### Data segment
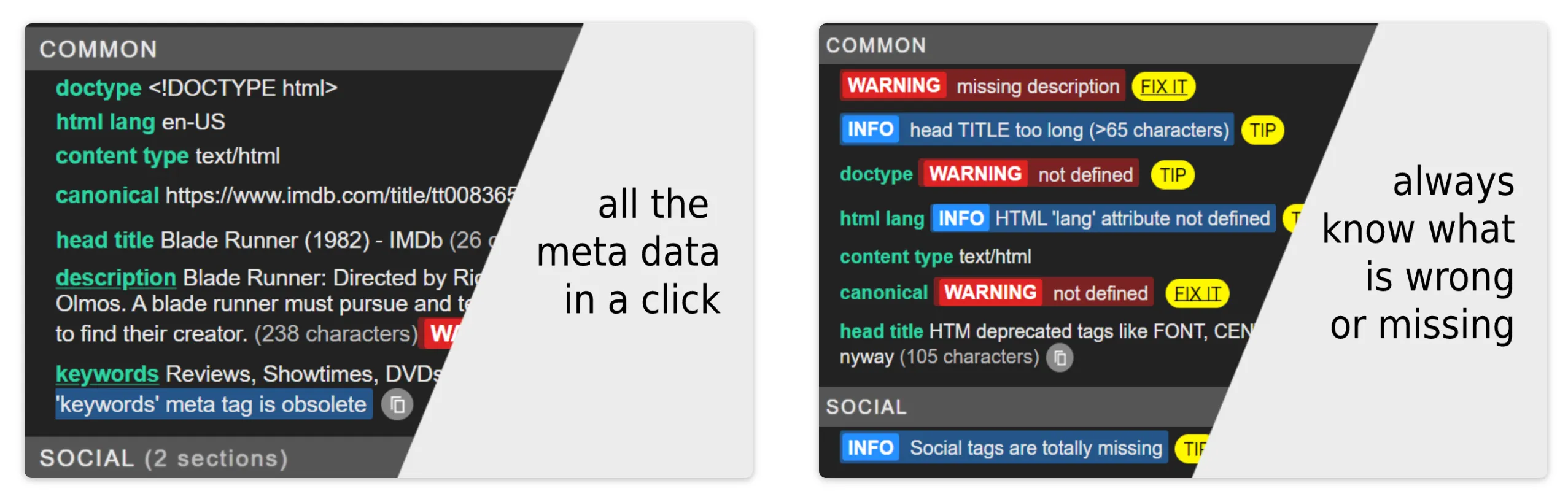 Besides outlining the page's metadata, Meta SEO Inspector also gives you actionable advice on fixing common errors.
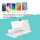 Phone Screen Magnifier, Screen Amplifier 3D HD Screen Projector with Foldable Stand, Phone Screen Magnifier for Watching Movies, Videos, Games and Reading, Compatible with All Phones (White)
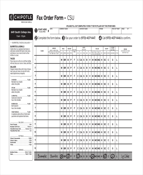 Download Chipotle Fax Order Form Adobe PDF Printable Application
######
▸ **What you have to do**: Only the pictures are to be dropped; all other material above must be repeated exactly.

▸ **Answer to the exercise**:
 Besides outlining the page's metadata, Meta SEO Inspector also gives you actionable advice on fixing common errors.
 Phone Screen Magnifier, Screen Amplifier 3D HD Screen Projector with Foldable Stand, Phone Screen Magnifier for Watching Movies, Videos, Games and Reading, Compatible with All Phones (White)
 Download Chipotle Fax Order Form Adobe PDF Printable Application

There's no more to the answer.